## [Given entries]
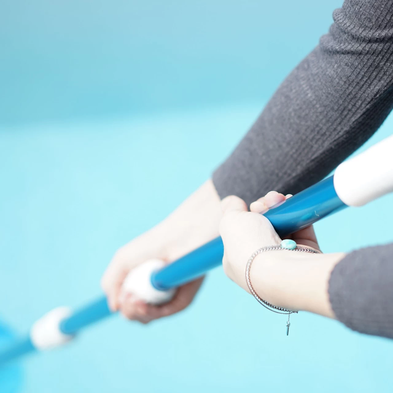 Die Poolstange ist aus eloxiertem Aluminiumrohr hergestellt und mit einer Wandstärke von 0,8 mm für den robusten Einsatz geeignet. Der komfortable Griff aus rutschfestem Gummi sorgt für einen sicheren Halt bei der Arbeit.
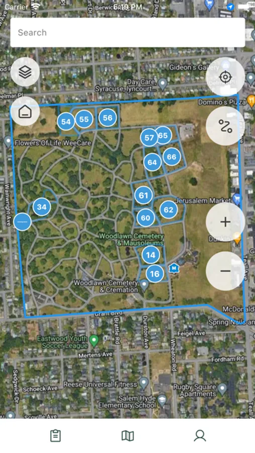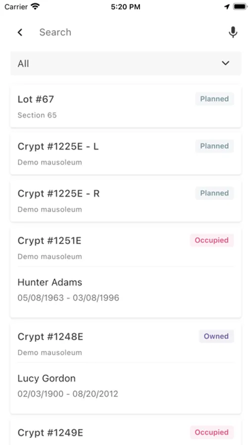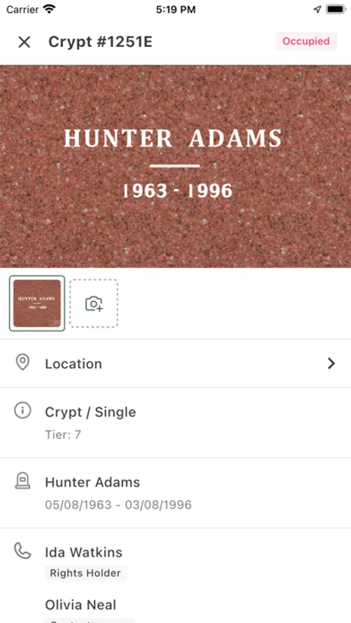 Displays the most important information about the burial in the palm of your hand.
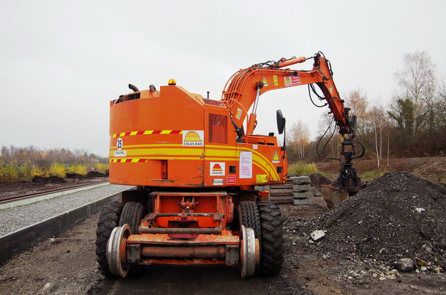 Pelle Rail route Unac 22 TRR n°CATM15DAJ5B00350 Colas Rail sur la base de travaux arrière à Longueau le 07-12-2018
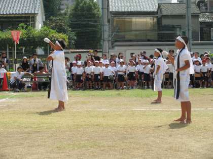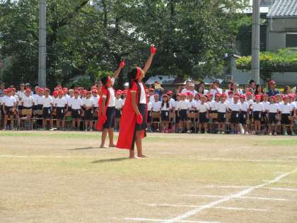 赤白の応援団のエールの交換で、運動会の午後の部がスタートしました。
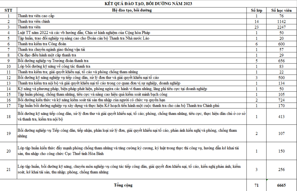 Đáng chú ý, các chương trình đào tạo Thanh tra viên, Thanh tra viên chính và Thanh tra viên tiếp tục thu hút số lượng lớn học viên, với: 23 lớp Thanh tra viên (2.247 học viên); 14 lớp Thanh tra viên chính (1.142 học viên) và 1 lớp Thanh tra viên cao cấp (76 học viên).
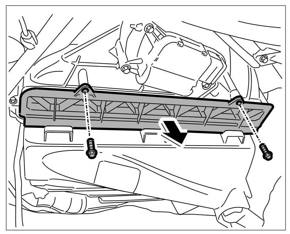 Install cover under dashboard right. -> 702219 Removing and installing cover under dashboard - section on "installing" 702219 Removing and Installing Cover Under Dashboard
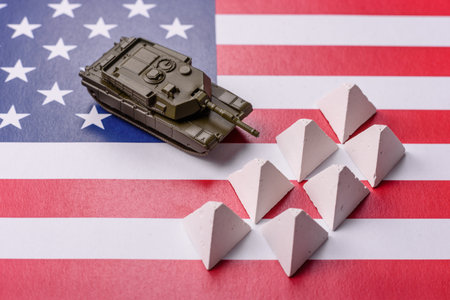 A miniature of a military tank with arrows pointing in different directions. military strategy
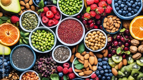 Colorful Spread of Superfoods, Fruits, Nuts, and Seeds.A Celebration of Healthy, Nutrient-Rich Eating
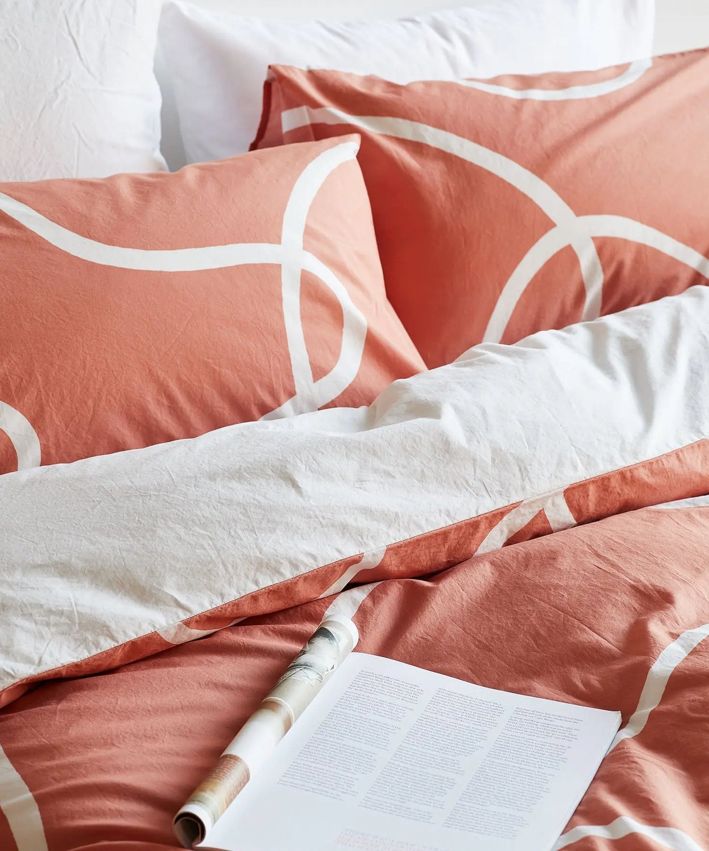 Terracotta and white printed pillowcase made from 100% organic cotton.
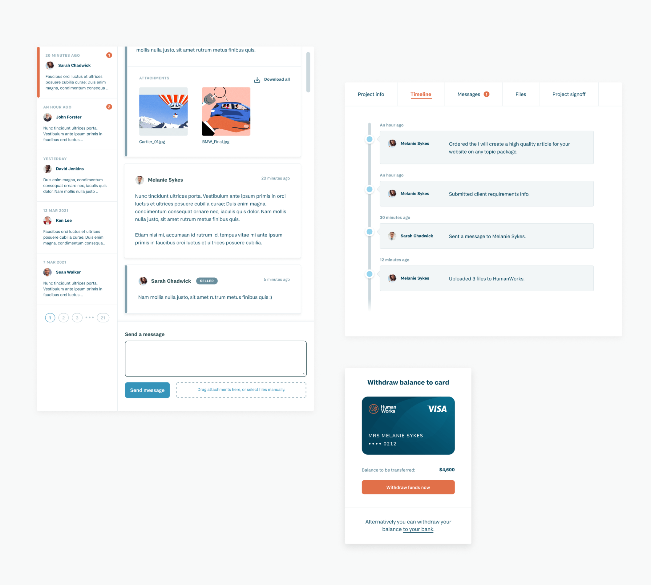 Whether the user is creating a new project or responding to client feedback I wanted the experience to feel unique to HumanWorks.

==

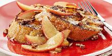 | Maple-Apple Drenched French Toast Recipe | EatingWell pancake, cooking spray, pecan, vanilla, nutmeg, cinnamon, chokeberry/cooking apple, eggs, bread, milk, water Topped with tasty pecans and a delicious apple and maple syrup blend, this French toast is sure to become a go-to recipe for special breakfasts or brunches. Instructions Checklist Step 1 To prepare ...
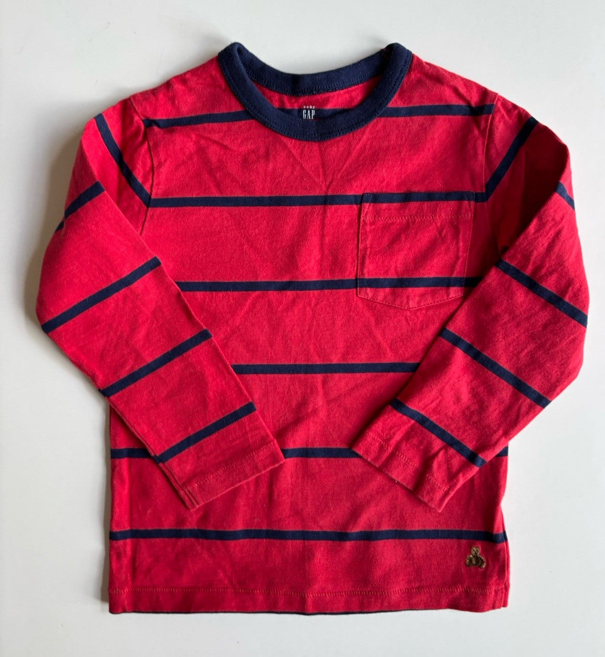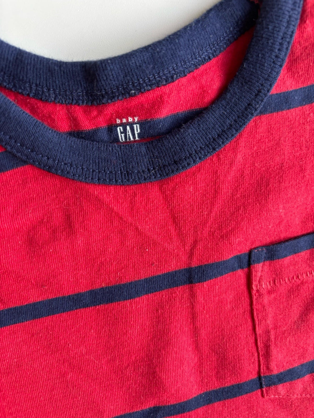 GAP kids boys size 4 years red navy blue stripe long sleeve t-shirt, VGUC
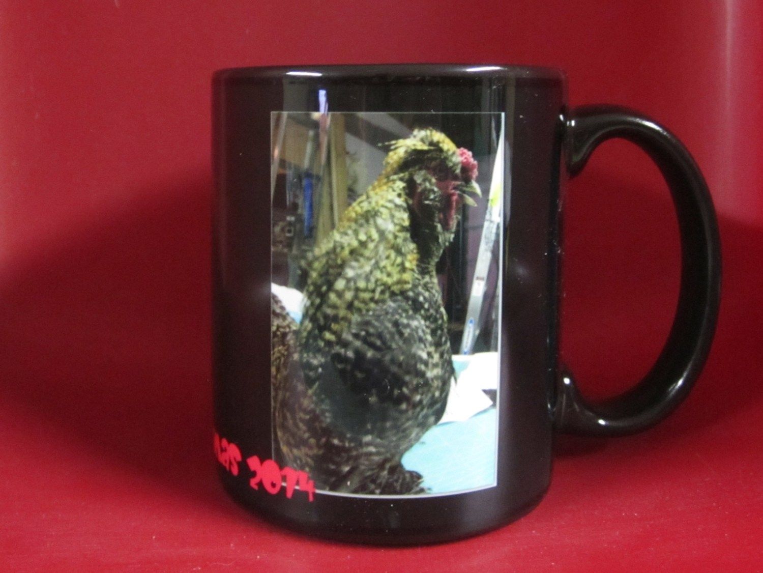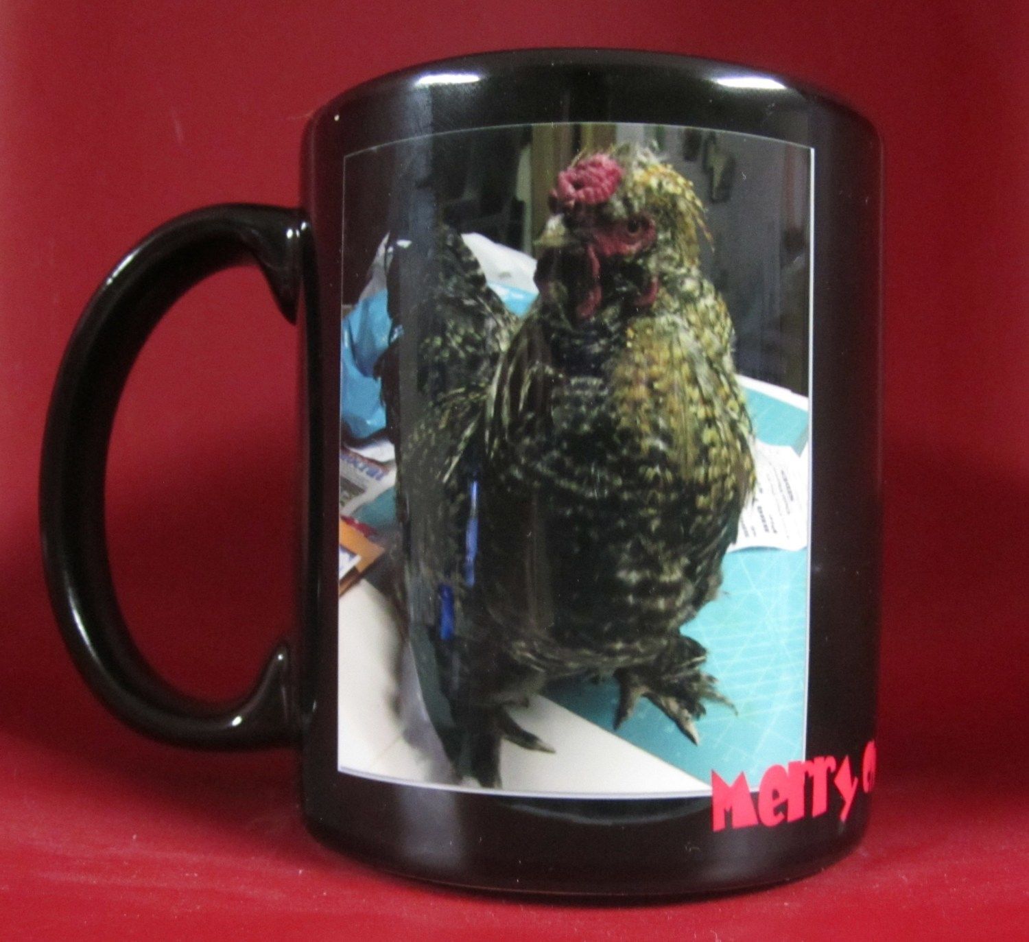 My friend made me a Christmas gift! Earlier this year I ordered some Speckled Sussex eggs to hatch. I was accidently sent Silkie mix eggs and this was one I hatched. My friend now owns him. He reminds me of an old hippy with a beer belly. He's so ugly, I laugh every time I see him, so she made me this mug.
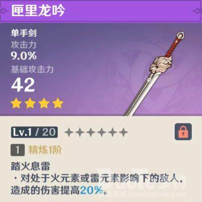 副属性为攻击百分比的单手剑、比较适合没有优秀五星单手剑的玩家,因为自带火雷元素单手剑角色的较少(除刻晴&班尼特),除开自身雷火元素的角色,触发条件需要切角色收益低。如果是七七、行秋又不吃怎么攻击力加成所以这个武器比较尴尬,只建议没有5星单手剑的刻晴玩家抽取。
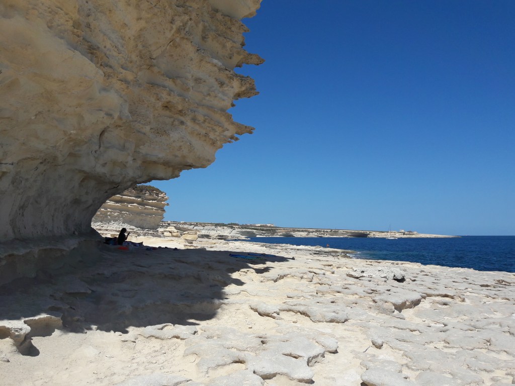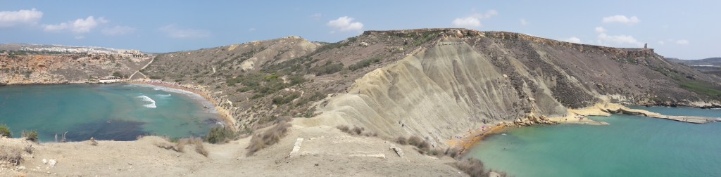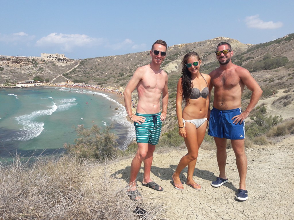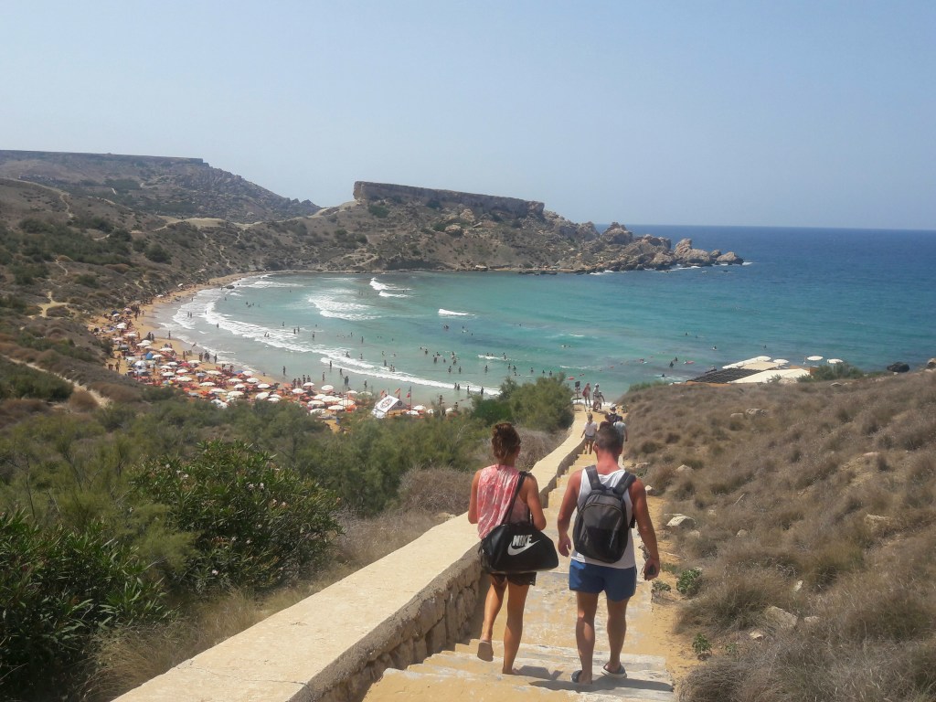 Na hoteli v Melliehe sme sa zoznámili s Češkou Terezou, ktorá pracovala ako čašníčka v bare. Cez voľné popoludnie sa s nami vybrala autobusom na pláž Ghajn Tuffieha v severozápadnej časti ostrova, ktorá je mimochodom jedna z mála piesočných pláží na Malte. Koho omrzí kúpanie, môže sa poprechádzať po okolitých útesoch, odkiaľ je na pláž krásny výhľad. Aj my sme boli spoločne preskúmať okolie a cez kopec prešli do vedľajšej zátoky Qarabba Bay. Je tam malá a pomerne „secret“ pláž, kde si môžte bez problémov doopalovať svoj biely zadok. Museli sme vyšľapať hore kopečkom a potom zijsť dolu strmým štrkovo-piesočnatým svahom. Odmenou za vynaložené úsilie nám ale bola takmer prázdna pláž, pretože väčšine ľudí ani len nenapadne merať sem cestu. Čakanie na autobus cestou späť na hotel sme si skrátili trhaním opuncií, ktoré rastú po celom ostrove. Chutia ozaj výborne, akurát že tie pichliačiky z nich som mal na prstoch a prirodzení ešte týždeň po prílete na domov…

* * *

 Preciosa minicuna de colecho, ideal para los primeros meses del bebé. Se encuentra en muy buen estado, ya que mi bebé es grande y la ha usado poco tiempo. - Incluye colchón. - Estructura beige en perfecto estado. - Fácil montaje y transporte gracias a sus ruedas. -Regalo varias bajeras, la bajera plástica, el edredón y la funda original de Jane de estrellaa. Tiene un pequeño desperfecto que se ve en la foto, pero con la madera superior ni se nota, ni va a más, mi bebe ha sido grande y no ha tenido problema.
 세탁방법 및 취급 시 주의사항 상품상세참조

## [Exercise]
With the pictures omitted, copy the entries above exactly from the line containing "Die Poolstange ist" through the line containing "Pelle Rail route", both lines included.

## [Exercise output]
 Die Poolstange ist aus eloxiertem Aluminiumrohr hergestellt und mit einer Wandstärke von 0,8 mm für den robusten Einsatz geeignet. Der komfortable Griff aus rutschfestem Gummi sorgt für einen sicheren Halt bei der Arbeit.
 Displays the most important information about the burial in the palm of your hand.
 Pelle Rail route Unac 22 TRR n°CATM15DAJ5B00350 Colas Rail sur la base de travaux arrière à Longueau le 07-12-2018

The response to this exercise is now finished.